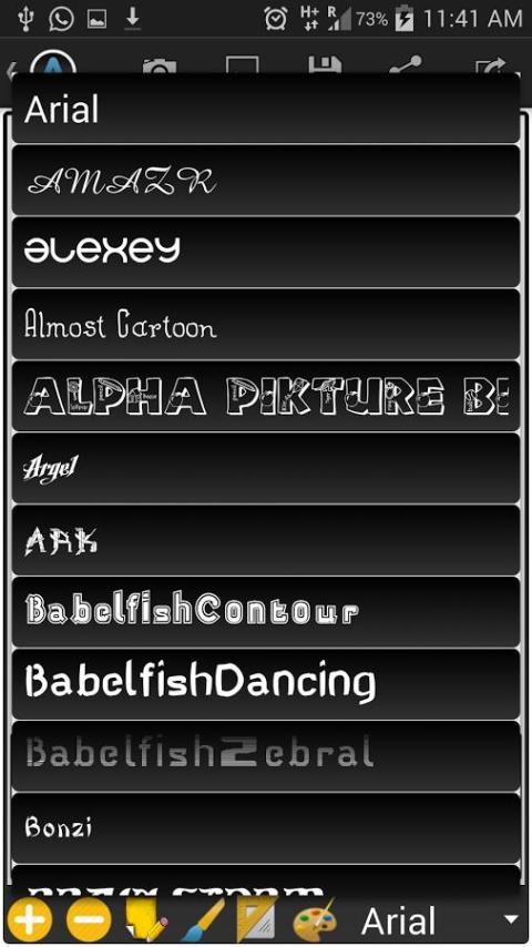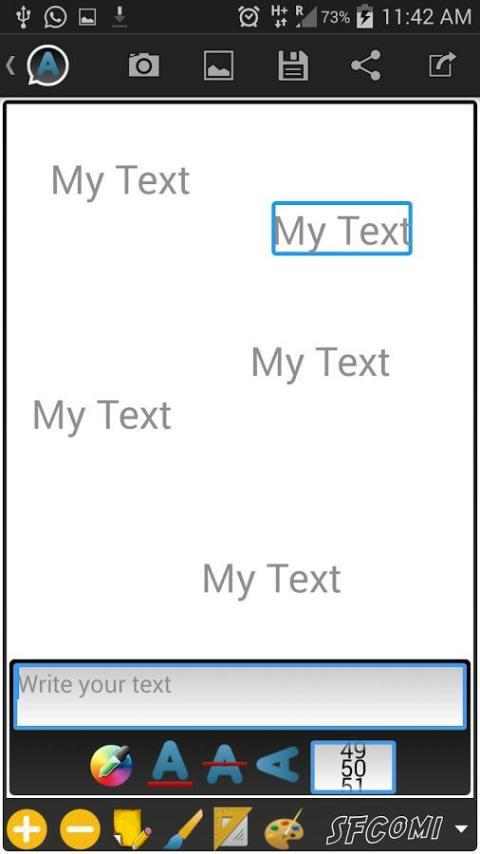 Important feature of the App : choose your own choice of fonts from the Internet, save them to the folder on the App, using the path SdCard/CustomText/Fonts/ , and the fonts will appear in the app on the spinner of the fonts.
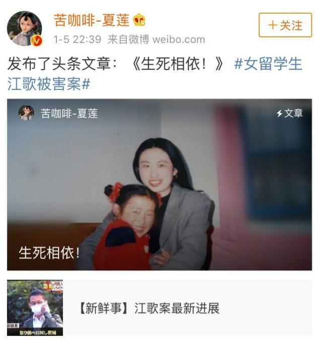 1月5日晚,“下文”客户端记者查询发现,江歌母亲发布文章《生死相依!》。“我的歌儿,日本法庭的判决仅仅还了你清白,并没有还你公道!并没有还我全部真相!”她表示,对江歌的承诺“永不食言”,对江歌的爱“永不后悔”。她对大家的关心表示感谢,并说:“江歌被害案已判决结束,一些指指点点的看客们,也该散了,该取消关注的取消关注,该绕路的绕路吧。”
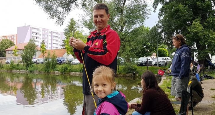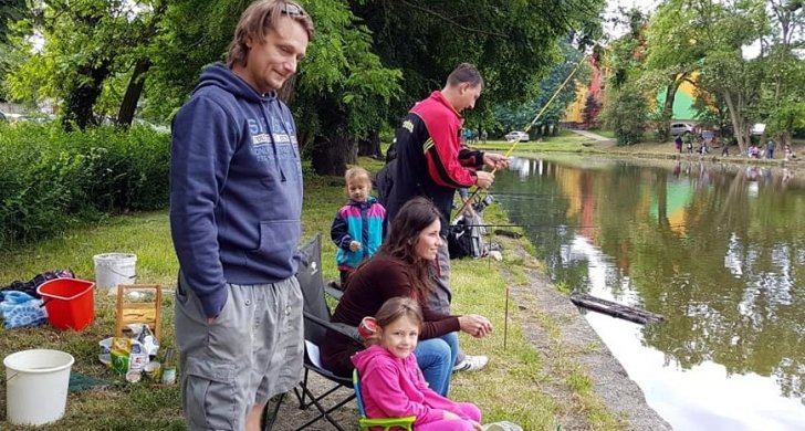 Rybářské závody, které probíhají systémem chyť a pusť, jsou zároveň uctěním památky zemřelého kamaráda Tomáše „Izzyho“ Posnera, který je v minulosti spolupořádal a byl „motorem” obnovy bývalé požární nádrže v centru města a jejího zarybnění. Sobotní počasí je vyhovující, není horko a nepálí slunce. Na závodech nechybí legrace a dobrá nálada, ostatně je to vidět i z fotopříspěvků hlavního organizátora ;-) .
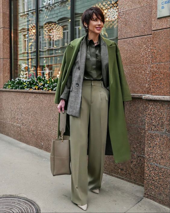 Для стильного делового лука выбирайте многослойный образ: широкие брюки со стрелками светло-оливкового оттенка, зеленая блузка, а поверх пиджак в клетку. Дополнят образ длинное пальто, обувь с острым носком на высоком каблуке и вместительная кожаная сумка.
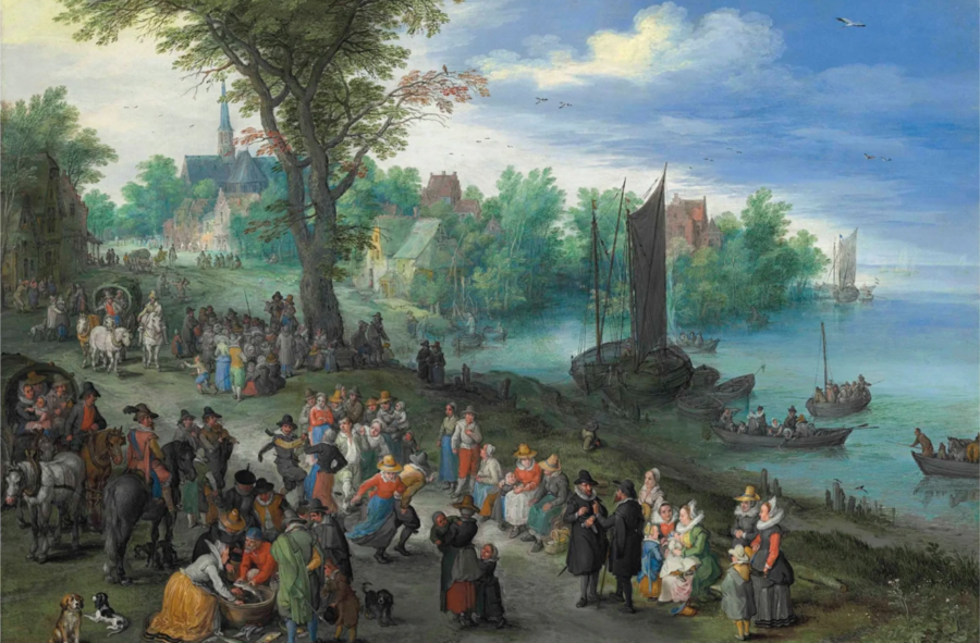 Ян Брейгель Старший, «Танцующие фигуры на берегу реки с продавцом рыбы и портретом художника на переднем плане», 1616
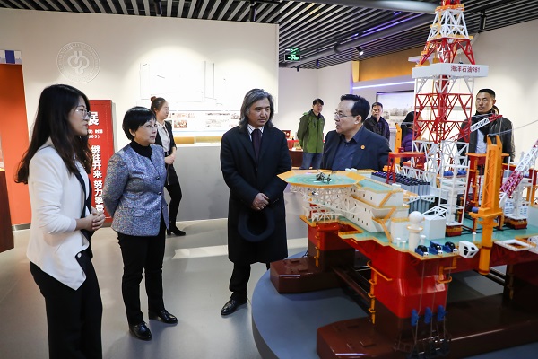 报告会前,吴为山参观了石大校园和校史馆等,并为石大题词。
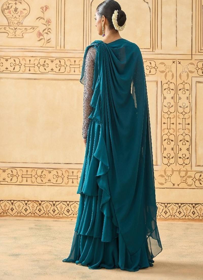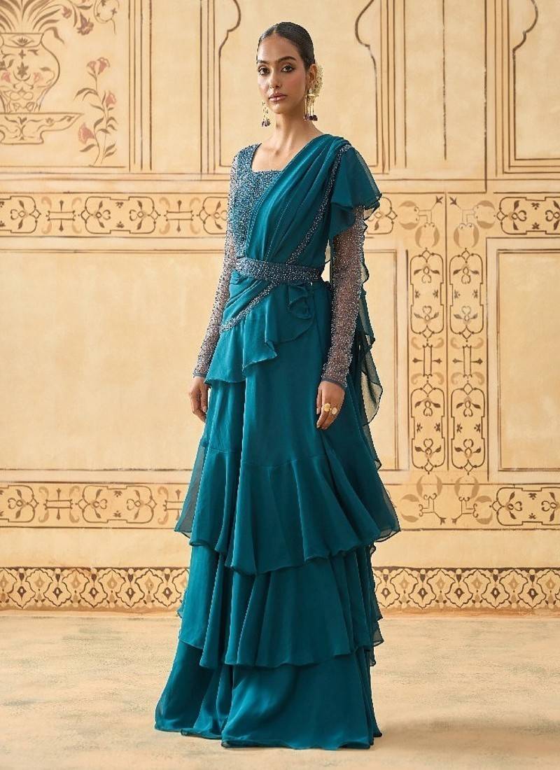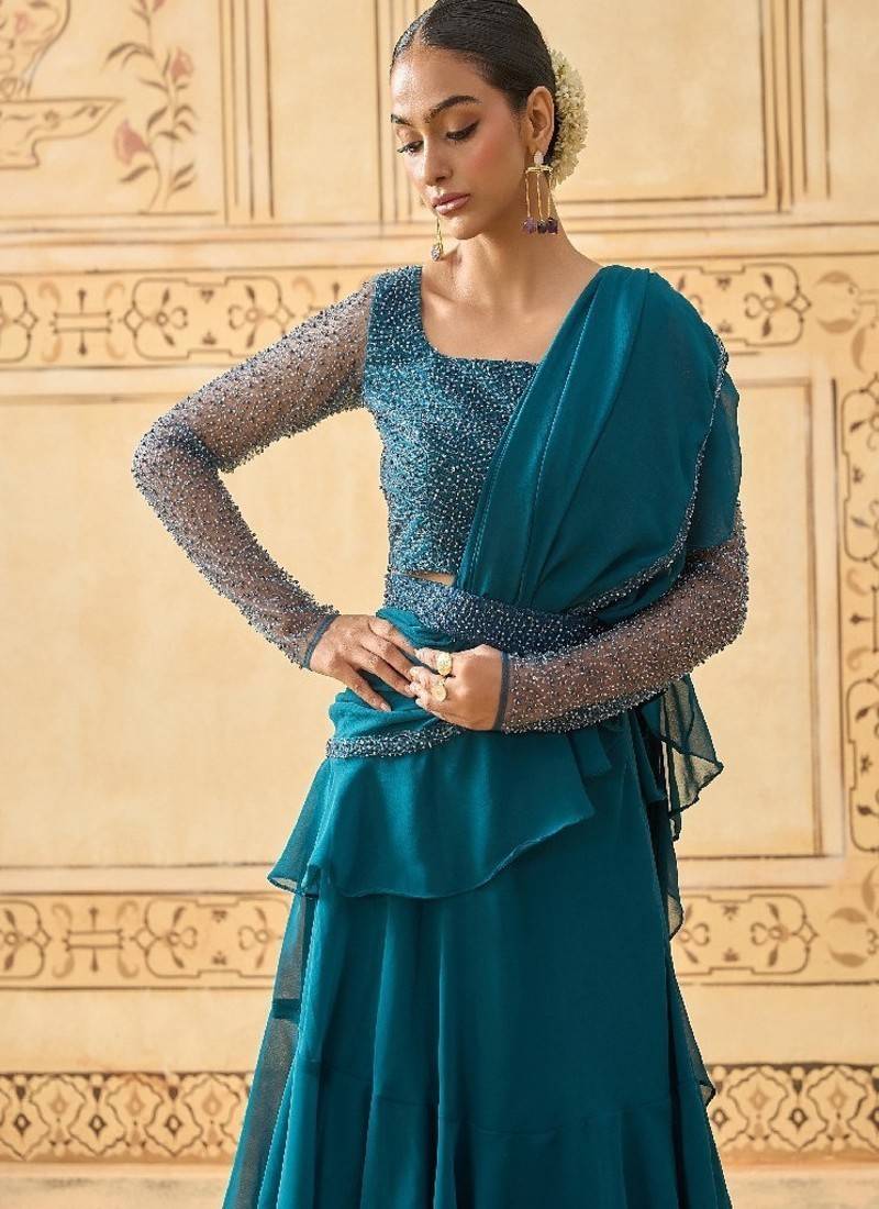 | Product Description | Midnight Teal Drape Lehenga Crafted In Flowy Georgette Three Layered Tiered Lehenga With Pre Stitched Drape For A Modern Saree Inspired Look Bead Embroidered Net Blouse With Sheer Full Sleeves And Hand Detailing Cinched Silhouette With Elegant Drape Across Shoulder And Waist Fully Lined With Buttercrepe Lining And Secured With Side Zip Closure Ideal For Cocktail Parties, Sangeet, Weddings, And Evening Celebrations |
- - - - -
▸ **Work to complete**: Print out all the material word for word but exclude any images.

▸ **Response to this exercise**:
 Important feature of the App : choose your own choice of fonts from the Internet, save them to the folder on the App, using the path SdCard/CustomText/Fonts/ , and the fonts will appear in the app on the spinner of the fonts.
 1月5日晚,“下文”客户端记者查询发现,江歌母亲发布文章《生死相依!》。“我的歌儿,日本法庭的判决仅仅还了你清白,并没有还你公道!并没有还我全部真相!”她表示,对江歌的承诺“永不食言”,对江歌的爱“永不后悔”。她对大家的关心表示感谢,并说:“江歌被害案已判决结束,一些指指点点的看客们,也该散了,该取消关注的取消关注,该绕路的绕路吧。”
 Rybářské závody, které probíhají systémem chyť a pusť, jsou zároveň uctěním památky zemřelého kamaráda Tomáše „Izzyho“ Posnera, který je v minulosti spolupořádal a byl „motorem” obnovy bývalé požární nádrže v centru města a jejího zarybnění. Sobotní počasí je vyhovující, není horko a nepálí slunce. Na závodech nechybí legrace a dobrá nálada, ostatně je to vidět i z fotopříspěvků hlavního organizátora ;-) .
 Для стильного делового лука выбирайте многослойный образ: широкие брюки со стрелками светло-оливкового оттенка, зеленая блузка, а поверх пиджак в клетку. Дополнят образ длинное пальто, обувь с острым носком на высоком каблуке и вместительная кожаная сумка.
 Ян Брейгель Старший, «Танцующие фигуры на берегу реки с продавцом рыбы и портретом художника на переднем плане», 1616
 报告会前,吴为山参观了石大校园和校史馆等,并为石大题词。
 | Product Description | Midnight Teal Drape Lehenga Crafted In Flowy Georgette Three Layered Tiered Lehenga With Pre Stitched Drape For A Modern Saree Inspired Look Bead Embroidered Net Blouse With Sheer Full Sleeves And Hand Detailing Cinched Silhouette With Elegant Drape Across Shoulder And Waist Fully Lined With Buttercrepe Lining And Secured With Side Zip Closure Ideal For Cocktail Parties, Sangeet, Weddings, And Evening Celebrations |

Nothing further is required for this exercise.